Professor Steve Field, who leads the review, is an impressive figure with a powerful vision for a better NHS. He doesn’t want commissioning to entrench the status quo in primary care, he wants it to be a powerful tool for improving primary care, especially in disadvantaged areas where the NHS has sometimes failed its patients. He will know that substantive changes will be required to win the backing of more of his medical colleagues as well as health charities and other stakeholders.

And David Cameron and Nick Clegg will need there to be meaningful changes too. It was fascinating at the listening event to hear the prime minister speak of “tweaks” and his deputy of “tweaks or changes”. That may say as much as anything about their respective expectations of the exercise. But it does show that at the end of the pause, they both expect to be able to point to changes which have been made as a result of their listening.

The changes won’t be fundamental ones, as the review’s terms of reference make clear. The NHS commissioning board and GP consortia are coming, whatever people argue today. Competition too will play a major role in the new health service, although the debate will continue over whether this is an evolution from Tony Blair’s reforms or a break with them.

Instead, changes will occur in details of the bill.
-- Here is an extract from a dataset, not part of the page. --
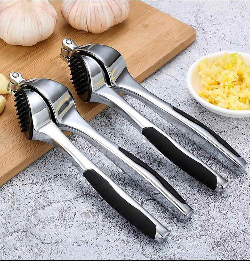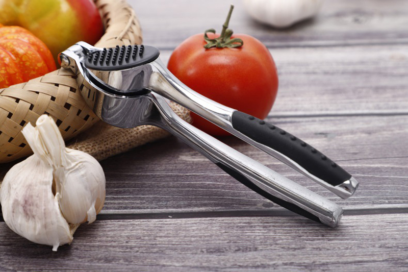 Ang garlic press na ito ay idinisenyo upang kumportableng magkasya sa kamay ng isang nasa hustong gulang, na ginagawang madali at simpleng patakbuhin habang nagbibigay ng matibay at malakas na pagkakahawak. Ang bahagi ng haluang metal ay ginawa mula sa de-kalidad na zinc alloy, na maingat na pinakintab at na-electroplated upang lumikha ng makinis at maliwanag na ibabaw, at isang proteksiyon na layer ay nabuo sa ibabaw upang gawin itong mas matigas at mas matatag. Sa pang-araw-araw na paggamit, ito ay ligtas at environment friendly dahil hindi ito tumutugon sa mga likido o pagkain.

The health select committee has already weighed in with its proposed changes. Health charities will spend the next two months adding their own ideas. The result may be a bill with less of a gap between the principles behind change and the reality of their implementation. But the heat is far from certain to cool in the public debate. And all the lessons are that it won’t be easy for the health secretary to take the politics out of the NHS.

Neil Churchill is chief executive of Asthma UK.